> How to complete this task:
The answer is to be the data that follows, transcribed exactly, minus its pictures.
Material provided below:
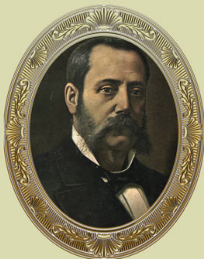
Gabino Barreda, óleo de Juan Cordero.

Ley Orgánica de la Instrucción pública en el Distrito Federal, 2 de diciembre de 1867.
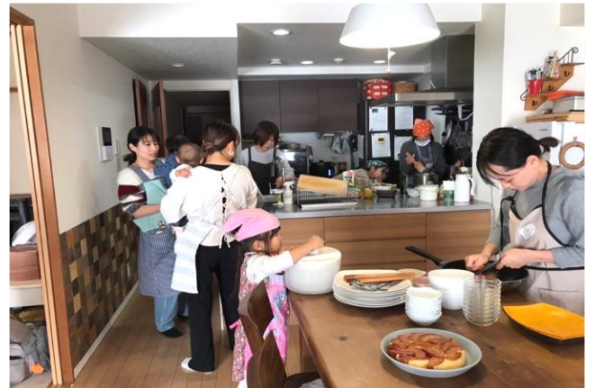
▲12月/「サラダの水切りはまかせて」子どもたちが調理に参加すると、もっとおいしくなるよ
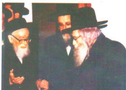
עם מרן הגאון הגדול רבי שלמה זלמן אויערבך זצוק"ל
End of Material provided.
> Answer for the task:
Gabino Barreda, óleo de Juan Cordero.

Ley Orgánica de la Instrucción pública en el Distrito Federal, 2 de diciembre de 1867.
▲12月/「サラダの水切りはまかせて」子どもたちが調理に参加すると、もっとおいしくなるよ
עם מרן הגאון הגדול רבי שלמה זלמן אויערבך זצוק"ל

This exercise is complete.